[DATA FOR THE TASK Boundary: Start]
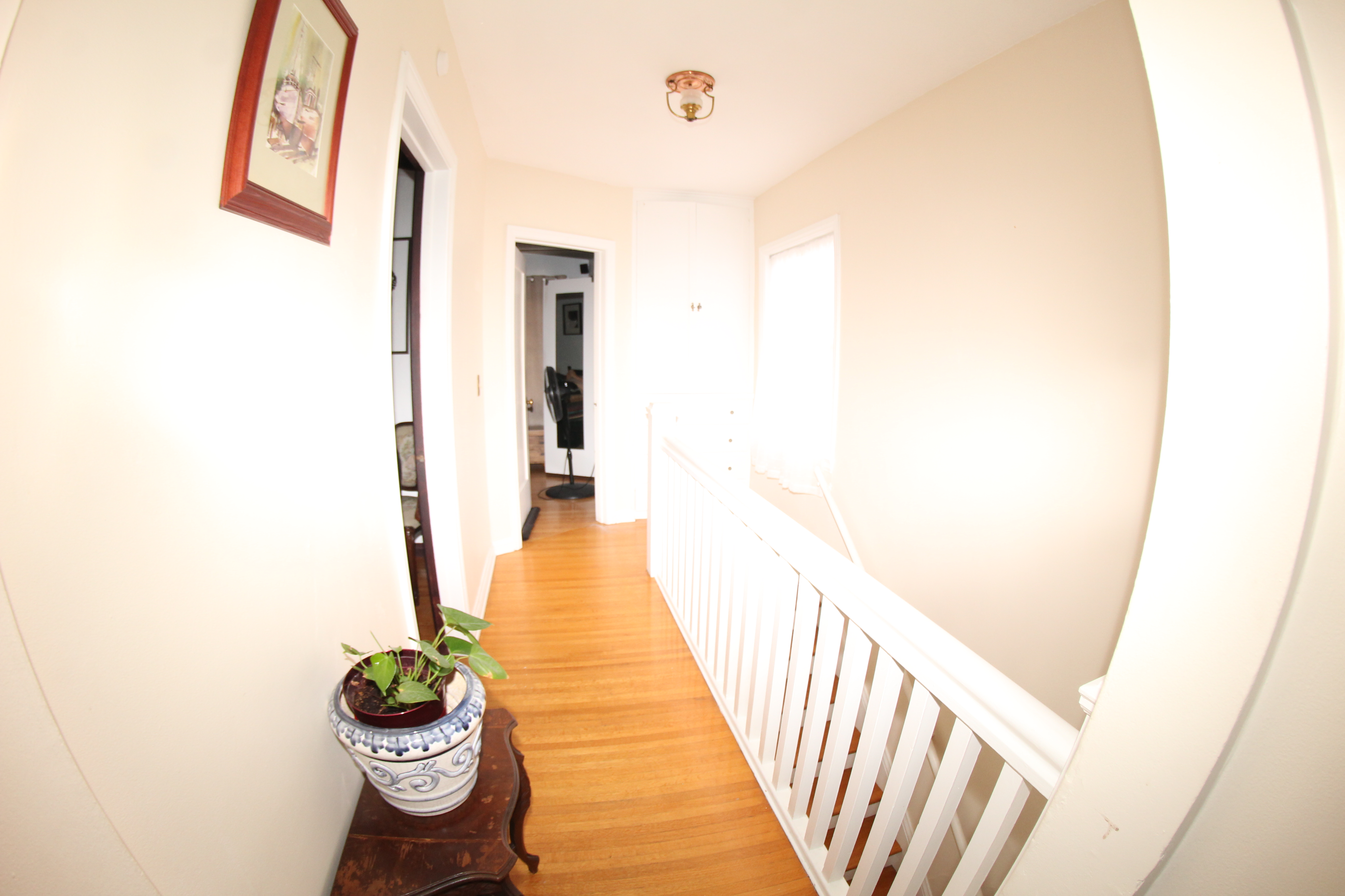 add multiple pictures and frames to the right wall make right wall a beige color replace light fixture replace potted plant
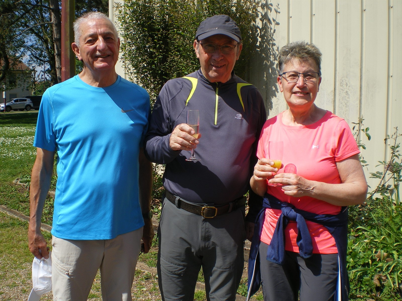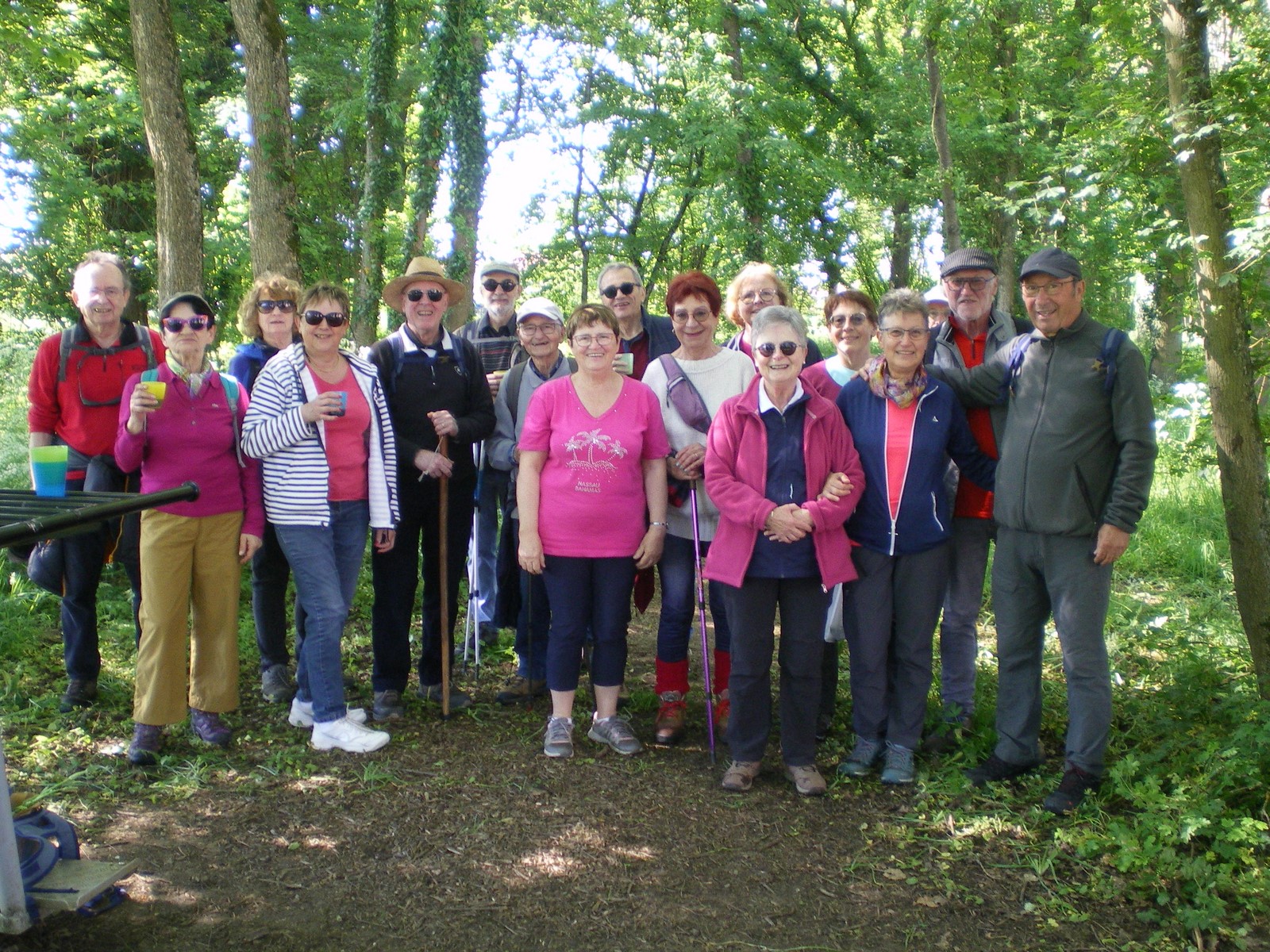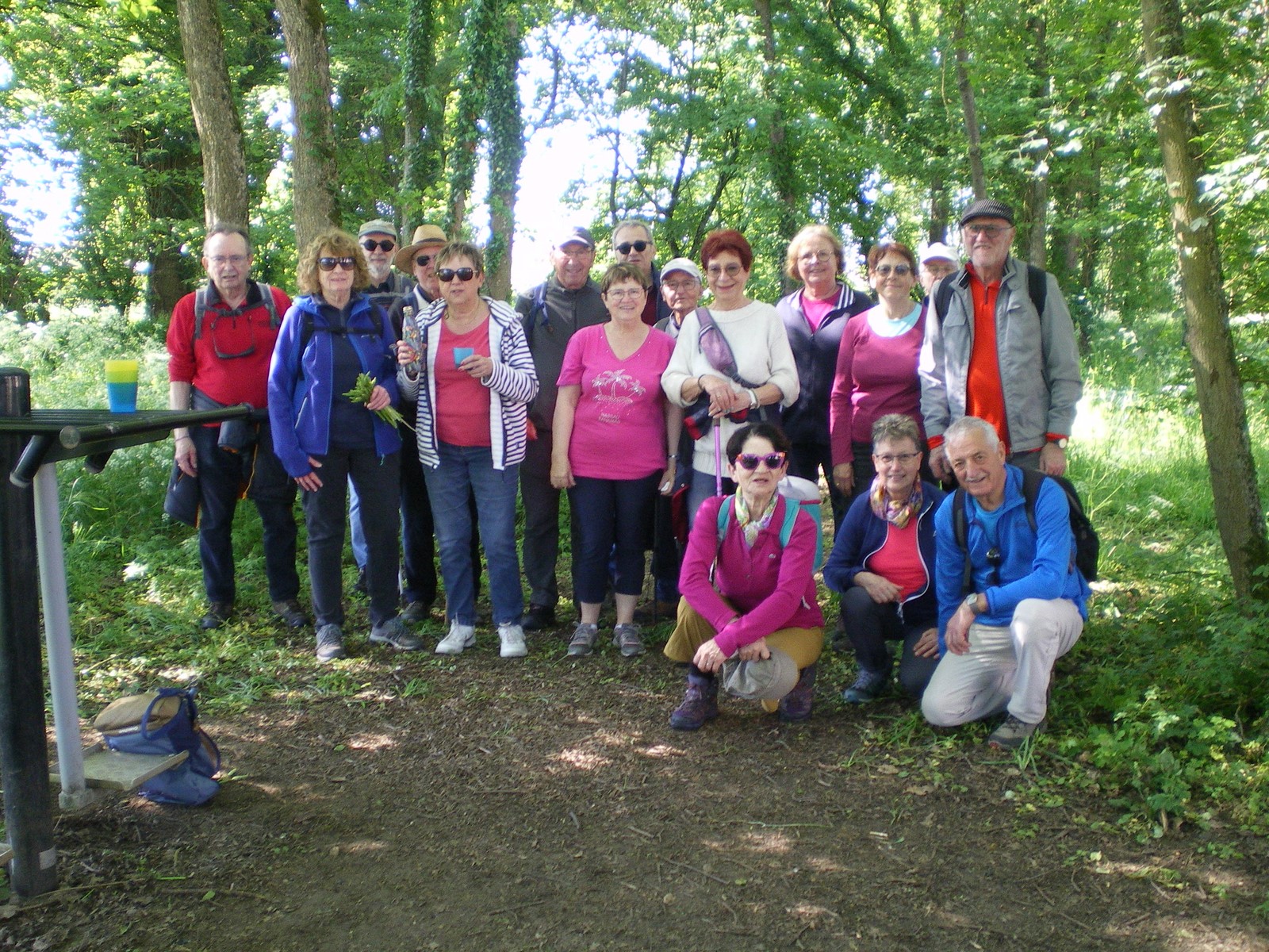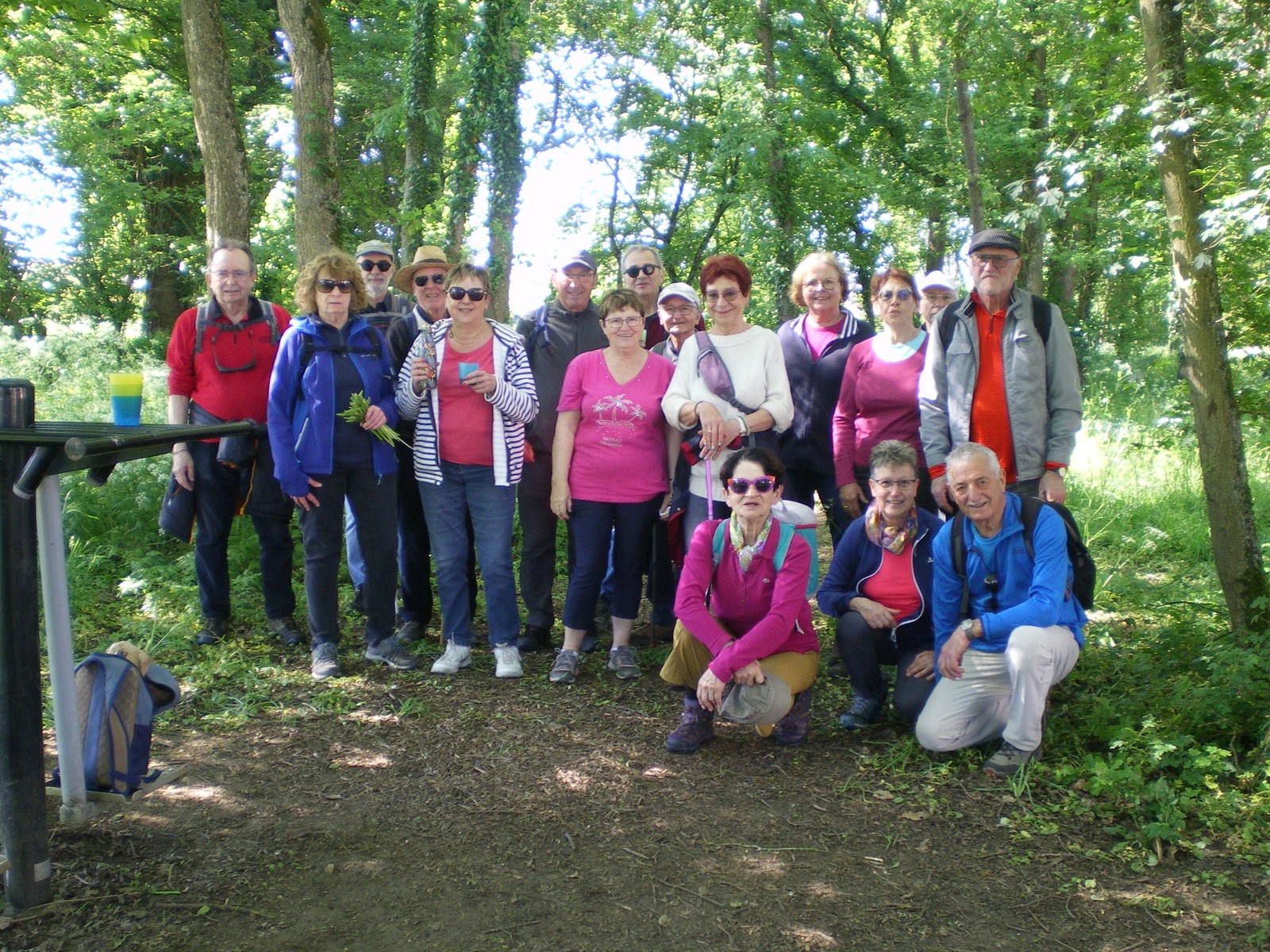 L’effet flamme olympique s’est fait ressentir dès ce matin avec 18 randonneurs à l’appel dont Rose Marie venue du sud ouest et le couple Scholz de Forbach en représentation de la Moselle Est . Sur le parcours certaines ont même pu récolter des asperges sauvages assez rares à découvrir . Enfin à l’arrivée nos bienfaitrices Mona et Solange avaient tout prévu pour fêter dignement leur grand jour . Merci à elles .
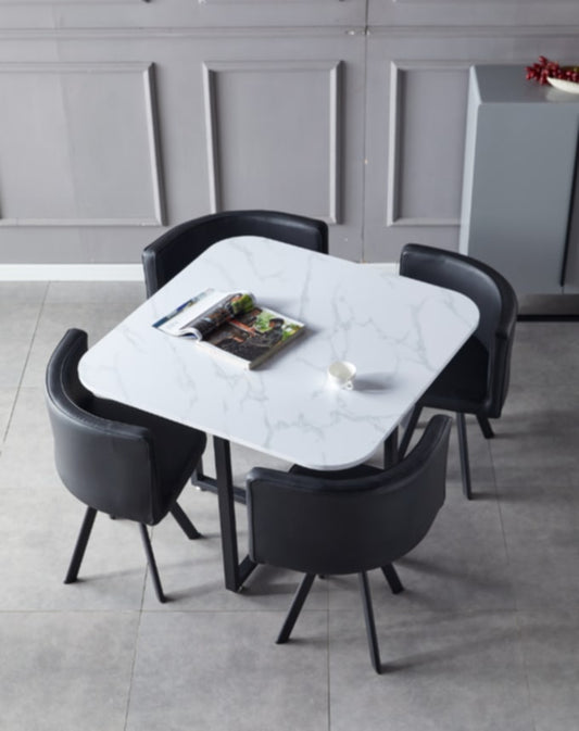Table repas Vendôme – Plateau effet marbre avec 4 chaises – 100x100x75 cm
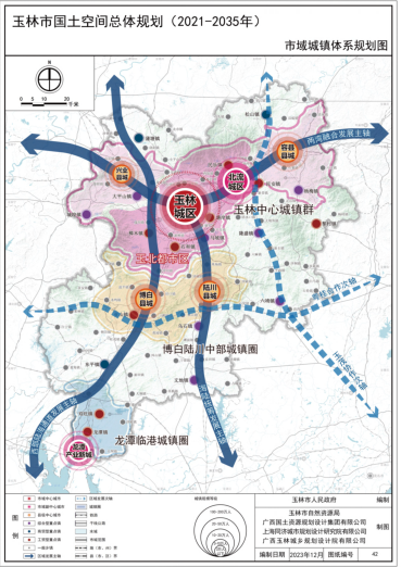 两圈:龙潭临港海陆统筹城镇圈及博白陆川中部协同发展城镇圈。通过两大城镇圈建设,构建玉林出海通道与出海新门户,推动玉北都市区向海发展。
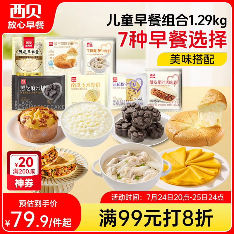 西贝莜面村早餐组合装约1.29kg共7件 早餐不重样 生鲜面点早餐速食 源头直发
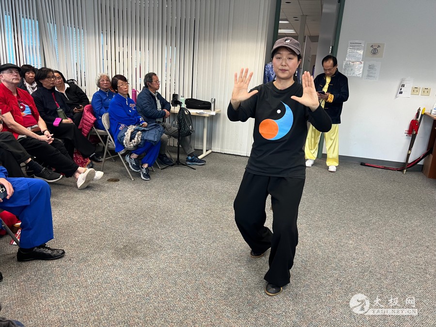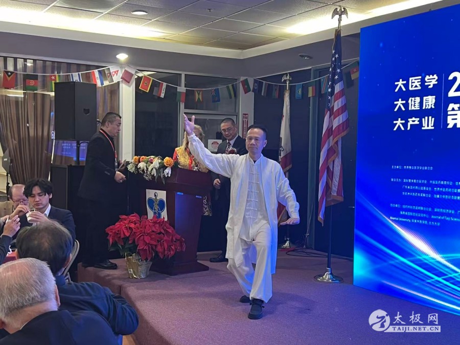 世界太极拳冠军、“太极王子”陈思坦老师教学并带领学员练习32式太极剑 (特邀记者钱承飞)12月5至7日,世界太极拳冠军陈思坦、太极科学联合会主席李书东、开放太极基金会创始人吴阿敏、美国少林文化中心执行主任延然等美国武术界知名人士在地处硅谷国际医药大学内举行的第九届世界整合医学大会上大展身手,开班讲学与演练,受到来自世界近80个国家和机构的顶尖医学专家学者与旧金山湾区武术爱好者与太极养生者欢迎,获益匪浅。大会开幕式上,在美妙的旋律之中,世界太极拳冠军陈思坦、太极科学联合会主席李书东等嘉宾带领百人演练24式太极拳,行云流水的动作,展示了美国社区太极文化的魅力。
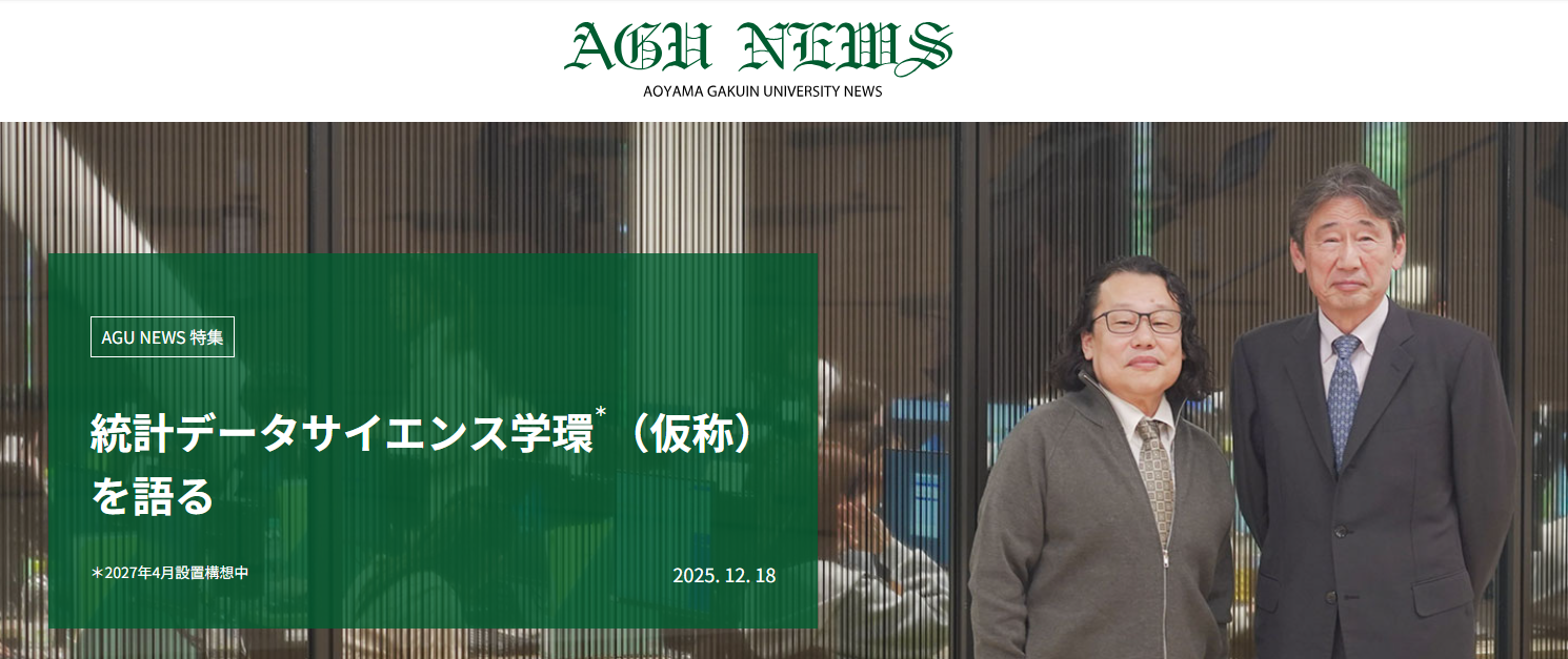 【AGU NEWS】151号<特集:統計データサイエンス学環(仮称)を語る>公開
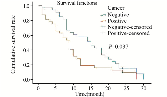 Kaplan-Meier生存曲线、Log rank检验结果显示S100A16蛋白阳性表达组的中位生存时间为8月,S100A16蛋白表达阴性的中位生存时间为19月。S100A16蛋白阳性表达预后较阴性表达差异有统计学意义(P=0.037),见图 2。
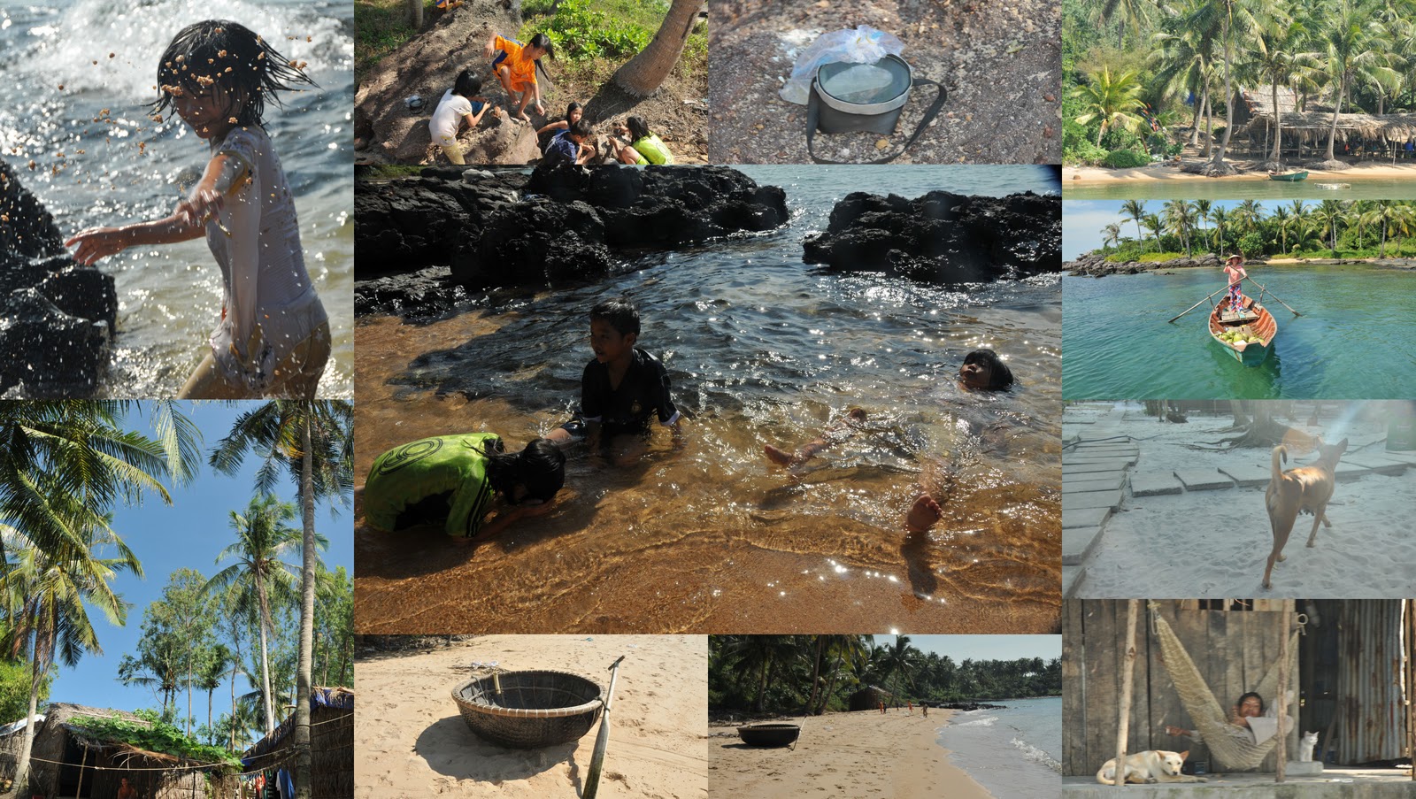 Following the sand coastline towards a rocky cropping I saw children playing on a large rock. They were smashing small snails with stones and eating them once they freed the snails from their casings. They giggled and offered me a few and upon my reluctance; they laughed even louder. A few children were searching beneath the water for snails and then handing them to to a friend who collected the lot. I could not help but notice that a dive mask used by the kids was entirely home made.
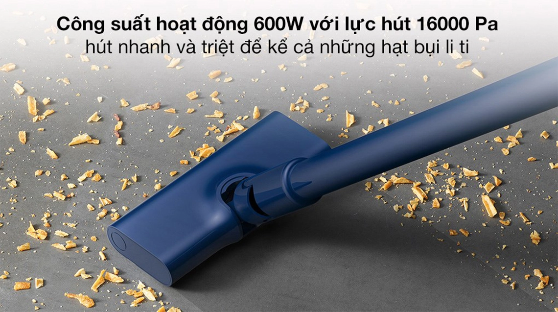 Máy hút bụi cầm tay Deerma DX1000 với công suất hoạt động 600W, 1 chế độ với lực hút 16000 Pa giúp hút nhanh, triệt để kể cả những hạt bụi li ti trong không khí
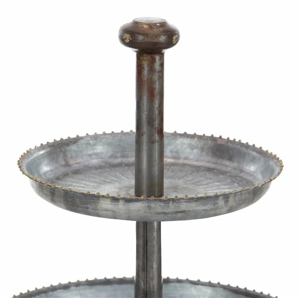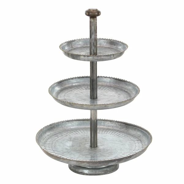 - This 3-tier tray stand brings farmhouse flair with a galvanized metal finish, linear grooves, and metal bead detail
[DATA FOR THE TASK Boundary: End]
*WORK TASK:*
Omit the images; transcribe the listing verbatim.

*RESULT FOR THIS TASK:*
 add multiple pictures and frames to the right wall make right wall a beige color replace light fixture replace potted plant
 L’effet flamme olympique s’est fait ressentir dès ce matin avec 18 randonneurs à l’appel dont Rose Marie venue du sud ouest et le couple Scholz de Forbach en représentation de la Moselle Est . Sur le parcours certaines ont même pu récolter des asperges sauvages assez rares à découvrir . Enfin à l’arrivée nos bienfaitrices Mona et Solange avaient tout prévu pour fêter dignement leur grand jour . Merci à elles .
Table repas Vendôme – Plateau effet marbre avec 4 chaises – 100x100x75 cm
 两圈:龙潭临港海陆统筹城镇圈及博白陆川中部协同发展城镇圈。通过两大城镇圈建设,构建玉林出海通道与出海新门户,推动玉北都市区向海发展。
 西贝莜面村早餐组合装约1.29kg共7件 早餐不重样 生鲜面点早餐速食 源头直发
 世界太极拳冠军、“太极王子”陈思坦老师教学并带领学员练习32式太极剑 (特邀记者钱承飞)12月5至7日,世界太极拳冠军陈思坦、太极科学联合会主席李书东、开放太极基金会创始人吴阿敏、美国少林文化中心执行主任延然等美国武术界知名人士在地处硅谷国际医药大学内举行的第九届世界整合医学大会上大展身手,开班讲学与演练,受到来自世界近80个国家和机构的顶尖医学专家学者与旧金山湾区武术爱好者与太极养生者欢迎,获益匪浅。大会开幕式上,在美妙的旋律之中,世界太极拳冠军陈思坦、太极科学联合会主席李书东等嘉宾带领百人演练24式太极拳,行云流水的动作,展示了美国社区太极文化的魅力。
 【AGU NEWS】151号<特集:統計データサイエンス学環(仮称)を語る>公開
 Kaplan-Meier生存曲线、Log rank检验结果显示S100A16蛋白阳性表达组的中位生存时间为8月,S100A16蛋白表达阴性的中位生存时间为19月。S100A16蛋白阳性表达预后较阴性表达差异有统计学意义(P=0.037),见图 2。
 Following the sand coastline towards a rocky cropping I saw children playing on a large rock. They were smashing small snails with stones and eating them once they freed the snails from their casings. They giggled and offered me a few and upon my reluctance; they laughed even louder. A few children were searching beneath the water for snails and then handing them to to a friend who collected the lot. I could not help but notice that a dive mask used by the kids was entirely home made.
 Máy hút bụi cầm tay Deerma DX1000 với công suất hoạt động 600W, 1 chế độ với lực hút 16000 Pa giúp hút nhanh, triệt để kể cả những hạt bụi li ti trong không khí
 - This 3-tier tray stand brings farmhouse flair with a galvanized metal finish, linear grooves, and metal bead detail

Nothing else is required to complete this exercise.